Politique & Economie

Ormuz : la bombe économique qui sommeille

Un seul navire libéré, dix encore bloqués : le détroit d’Ormuz joue en ce moment avec les nerfs de l’économie mondiale, et personne ne sait combien de temps cette partie durera encore.

Dimanche matin, CMA CGM a annoncé qu’un de ses porte-conteneurs avait réussi à franchir le détroit d’Ormuz, ce passage grand comme un couloir entre le golfe Persique et le reste du monde. Une petite victoire symbolique dans un contexte qui reste explosif : dix autres navires du troisième armateur mondial demeurent immobilisés dans la zone. Et pour cause. Moins de deux semaines après la signature d’un protocole d’accord entre Washington et Téhéran censé calmer le jeu, les deux puissances ont de nouveau échangé des frappes. Trump a brandi la menace d’une reprise des hostilités. Le cessez-le-feu vacille dangereusement.
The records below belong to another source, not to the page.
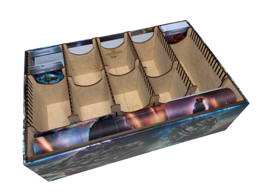 Our storage solution for the Star Realms Universal Storage Box takes a great start and makes it even better. our solution offers 895mm of card storage in five lanes and stores two play mats.
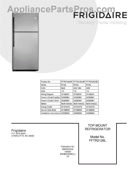 Parts for Frigidaire FFTR2126LMF: 01 - Cover Parts
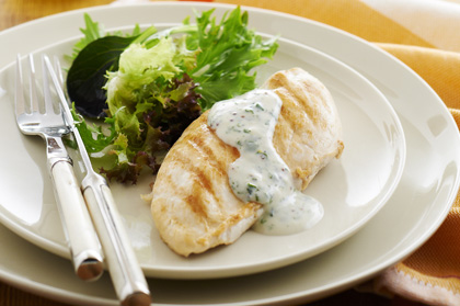 - Heat griddle (or non-stick frypan) and spray chicken fillets lightly with olive oil spray.

Ce qu’on a tendance à sous-estimer, c’est l’ampleur du risque économique concret. Par Ormuz transite environ 20 % du pétrole mondial. Un blocage prolongé ne se limite pas à une hausse du brut : c’est une onde de choc qui touche les chaînes d’approvisionnement mondiales, les prix du fret, les coûts de l’énergie en Europe, et in fine le portefeuille des consommateurs.

« Les tensions entre les États-Unis et l’Iran continuent de peser sur le commerce maritime mondial. »

CMA CGM est propriétaire de La Tribune, ce qui rend la couverture de l’affaire particulièrement délicate à lire sans recul. Mais les faits, eux, sont têtus : des navires civils pris en otage de facto par une crise géopolitique, c’est exactement le scénario que les marchés financiers redoutaient depuis des mois sans oser le prix intégralement dans leurs cours.

La vraie question n’est pas de savoir si un accord tiendra. C’est de mesurer combien de jours supplémentaires de blocage suffisent à provoquer le prochain choc pétrolier.